## Work to complete
Among the entries below, which lines run from the line with "Authentication 객체가 성공적으로" through the line with "Cadorabo Case, združljiv"? Retype those, both ends included, exactly and without pictures.

## Source data

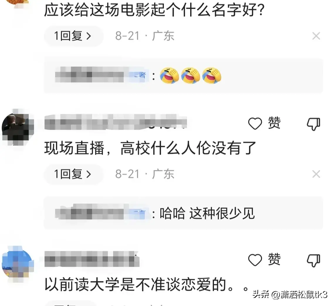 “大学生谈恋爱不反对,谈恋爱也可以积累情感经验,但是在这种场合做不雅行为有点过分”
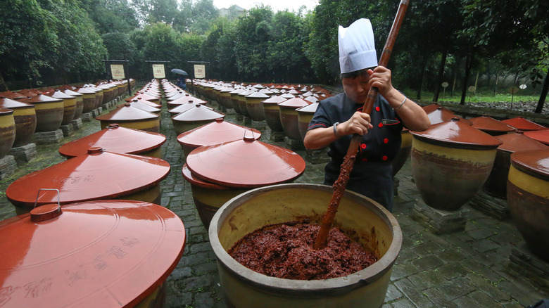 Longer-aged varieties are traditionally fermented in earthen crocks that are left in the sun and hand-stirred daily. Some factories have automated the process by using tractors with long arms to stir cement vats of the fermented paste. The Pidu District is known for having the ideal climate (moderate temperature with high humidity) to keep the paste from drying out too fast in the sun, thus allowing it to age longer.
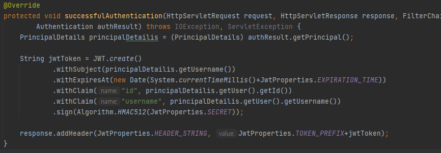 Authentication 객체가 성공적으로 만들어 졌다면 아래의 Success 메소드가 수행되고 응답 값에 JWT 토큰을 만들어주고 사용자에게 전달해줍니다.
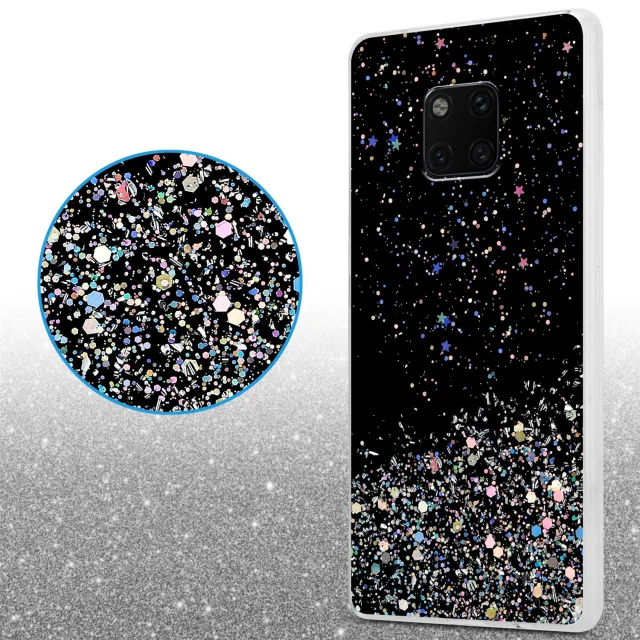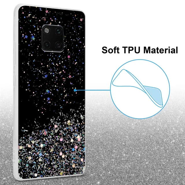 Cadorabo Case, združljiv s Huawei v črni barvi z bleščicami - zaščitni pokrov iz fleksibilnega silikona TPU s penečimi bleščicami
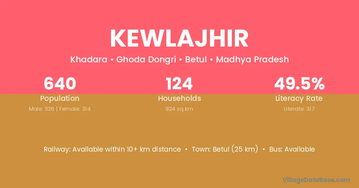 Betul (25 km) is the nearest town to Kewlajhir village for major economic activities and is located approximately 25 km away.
---
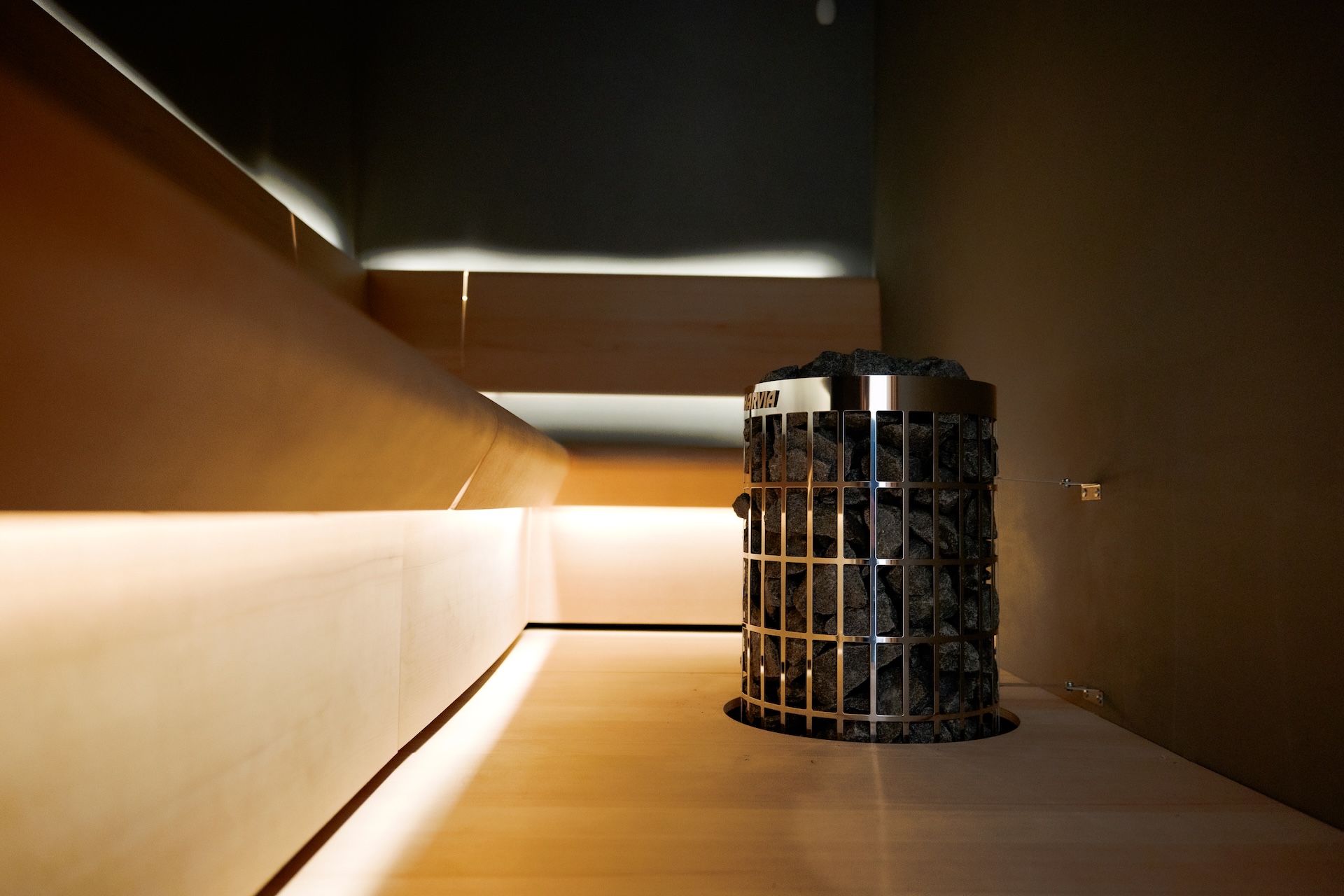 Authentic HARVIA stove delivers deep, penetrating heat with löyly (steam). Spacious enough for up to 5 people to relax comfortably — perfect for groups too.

## Response
 Authentication 객체가 성공적으로 만들어 졌다면 아래의 Success 메소드가 수행되고 응답 값에 JWT 토큰을 만들어주고 사용자에게 전달해줍니다.
 Cadorabo Case, združljiv s Huawei v črni barvi z bleščicami - zaščitni pokrov iz fleksibilnega silikona TPU s penečimi bleščicami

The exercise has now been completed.